Pod względem artystycznym dzieło jest tym bardziej wartościowe im więcej satysfakcji dostarcza, im bardziej potrafi „zmusić” widza do wysnuwania własnych wniosków, do określania i precyzowania znaczeń w nim zawartych, do analizy psychologicznej postaci czy jej poczynań, które oddziałują na naszą wyobraźnię. Właśnie ta wieloaspektowość sprawia, że jesteśmy w stanie skupić naszą uwagę na tym, a nie innym bohaterze.
Fragmentaryczność – im większy jej stopień, tym większa dla odbiorcy przestrzeń w
„integrowaniu jej cech wyprowadzanych z bezpośredniej charakterystyki postaci dokonanej przez podmiot literacki dzieła” (1), poczynając od cech wyglądu zewnętrznego i cech charakterologicznych, jakie potrafimy wywnioskować przez jej działanie, myśli czy przytaczane wypowiedzi.
Thomas Harris (autor literackiego pierwowzoru) sprawił, że Hannibala Lectera trudno było sklasyfikować (szczególnie w "Czerwonym smoku", gdzie pojawia się on w zaledwie dwóch scenach i jest budowany analogicznie do pułkownika Kurtza z "Jądra Ciemności"
Josepha Conrada – większości informacji o nim udzielają nam inni bohaterowie powieści) zarówno przez czytelników, jak i przez inne postacie usiłujące na bazie zebranych przez siebie informacji (teoretycznych, operujących gamą powstałych profilów psychologicznych) czy przyporządkować określonym kategoriom.

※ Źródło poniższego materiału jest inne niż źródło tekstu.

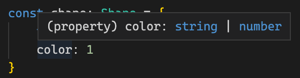 이 말은 즉, color에 number 타입의 값을 지정했음에도 불구하고 string | number로 추론된다는 것이다.
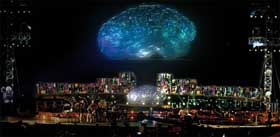 Nello sfondo un abbraccio dato da trecento lastre x-rays dipinte, vibranti per lanciare bagliori e lame di luce: la famosa installazione “EGHENETAI” su due muri semicircolari. Haime! Come sottolineato dallo stesso Bocelli in apertura di spettacolo il vento soffiava a 30 nodi e si sarebbe portato via i “cervelli” di Meneghetti: un vero coupe de teatre ma, la sicurezza ha smorzato gli entusiasmi vietandone il gonfiaggio.
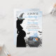 O convite apresenta uma bruxa, caldeirão e teias de aranha. Esta design é perfeita para um chá de fraldas de menino de Halloween.
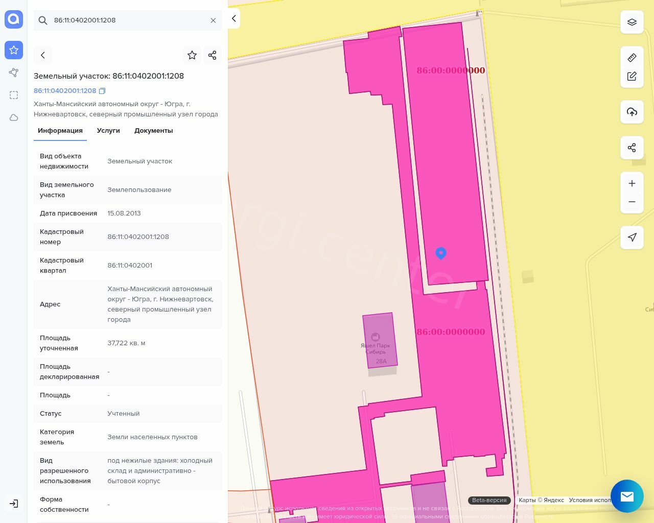 Право аренды на земельный участок, кадастровый номер: 86:11:0402001:1208, категория земель: земли населенных пунктов, площадью 37 722 кв. м., разрешенное использование: под нежилые здания: холодный склад и АБК Адрес: ХМАО-Югра, г. Нижневартовск, северный промышленный узел города;
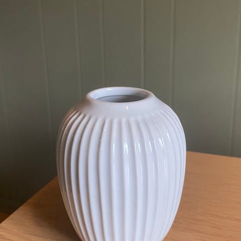 Kjempefin mintgrønn farge. Vase fra Kähler. Stått for det meste i skapet eller med strå oppi. Nypris er rundt 800kr
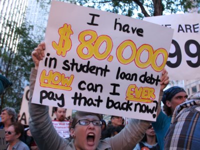 Two people, two lawyers who are making big bucks, can’t afford to pay off their student loans until they’re in their 40s.  Their combined student loan debt was more than their mortgage.  You can’t tell me that that’s not the work of SAY-TUN.  Essentially you’re telling me I have to hope to strike it rich or else I’m going to be paying on this crap until I die or Jesus comes back — or God sticks a toe out from the clouds and ends this foolishness immediately.
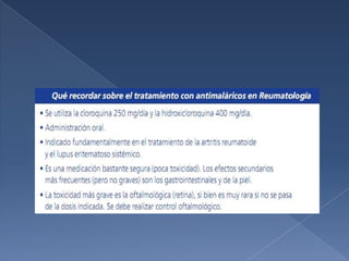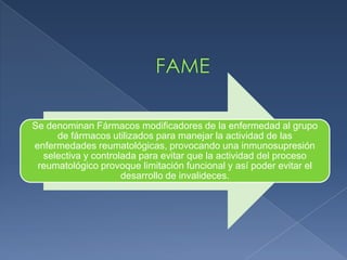 Los fármacos modificadores de la enfermedad actúan provocando una inmunosupresión selectiva para evitar la progresión de las enfermedades reumatológicas y sus limitaciones funcionales. Algunos fármacos como el metotrexato e inhibidores biológicos actúan inhibiendo la inflamación, mientras que otros como la azatioprina y ciclofosfamida provocan la muerte celular para detener el proceso inflamatorio. Estos fármacos tienen efectos a largo plazo y se requieren meses para
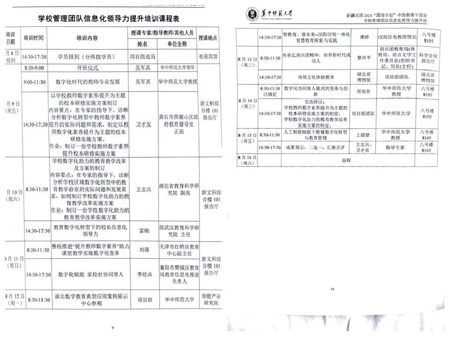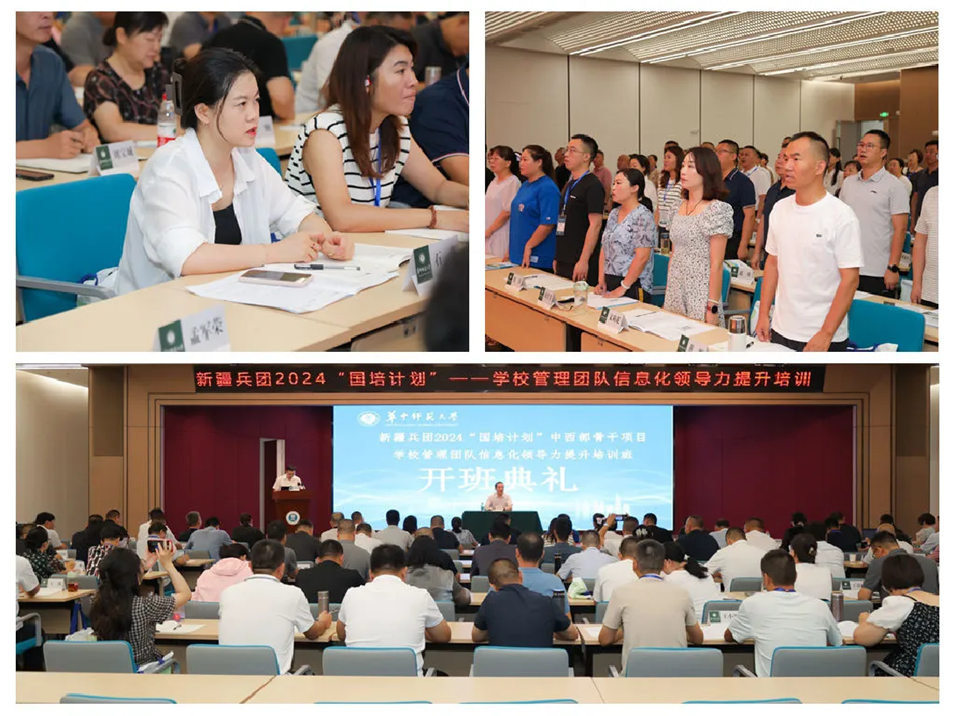 2024年8月9日,由新疆兵团教育局主办,华中师范大学承办的新疆兵团“国培计划(2024)”学校管理团队信息化领导力提升培训班在华中师范大学顺利开班。来自新疆兵团各中小学的100名校长及主管信息化副校长齐聚华中师范大学新文科综合楼101会议室隆重举行开班仪式,华中师范大学相关部门领导及培训班班主任、授课专家出席了仪式,开启了为期一周的学习之旅。
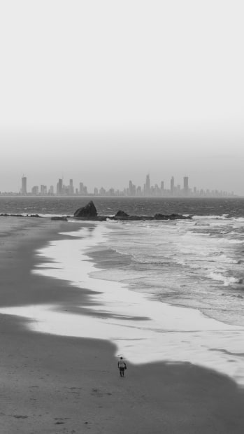 The peaceful afternoon view of Surfers Paradise from Elephant Rock Currumbin. The man walking along the beach towards the city to symbolise staying on track and always looking forward.
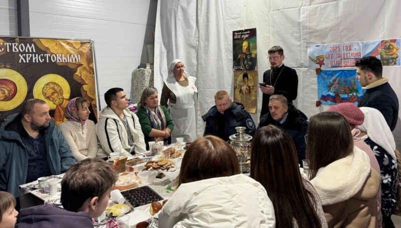 По благословению благочинного приходов Нижнедонского округа протоиерея Сергия Яценко, в храме Архангела Михаила п.Каменоломни на базе гуманитарного центра в день великого праздника Богоявлегия Господня, состоялась совместная встреча сестёр Марфо-Мариинского сестричества, молодежного актива семейного клуба «Верность», специалистов местного отделения Движения Первых Октябрьского района, родителями муниципального семейного сообщества «Родные-Любимые» и представителями казачества.
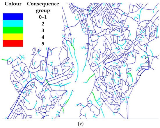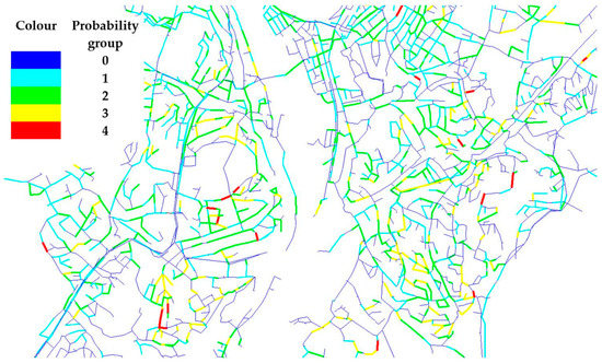 p values were grouped into five different levels and the number of pipes corresponding to each group are shown in Table 6. The results were further used in the estimation of the risk of each pipe. The outcome of RF analysis shows that there are 47 pipes belonging to the group with highest p values during the next five years. The splitting of the probability in groups, as was the case in this study, shows that the number of pipes tends to increase as the probability decreases. To avoid sharing critical information, Figure 5 shows only an excerpt of the WDN with coloured pipes according to the probability classification to illustrate the locations of these pipes. The pipes with high p values are scattered across the WDN and the main supply pipes from the two sources do not fall into the category of pipes with high P. As seen also in the figure, pipes belonging to one segment do not necessarily exhibit same p values owing to the individual pipe data and RF simulation that can emphasize such differences. Certainly, there is just one set of p values from RF-BA analysis used in this study irrespective of the supply scenarios modelled, simply because the P is independent of supply scenarios and relies solely on pipe data.

Próba takiego „upupienia” doktora przez Clarice Starling kończy się błyskawiczną i przerażająco trafną ripostą z jednoczesnym przejrzeniem badającej go jednostki.
„Chciałaby mnie pani jakoś zaklasyfikować, pani inspektor. Ma pani taką ambicję, nieprawdaż? Wie pani, kogo mi pani przypomina swoją elegancką torebką i tanimi pantoflami? Prostą babę ze wsi. Wyszorowane mydłem, pozbawione smaku wiejskie popychadło. Dobre odżywianie wydłużyło pani trochę kości, ale nadal tylko jedno pokolenie dzieli panią od tych, co ryli węgiel w kopalniach. W swoim małym pokoiku masz różaniec nanizany z małych, złocistych paciorków i kiedy patrzysz na niego robi ci się niedobrze. Trzeźwe spojrzenie zabija wiele złudzeń, nieprawdaż?” (2)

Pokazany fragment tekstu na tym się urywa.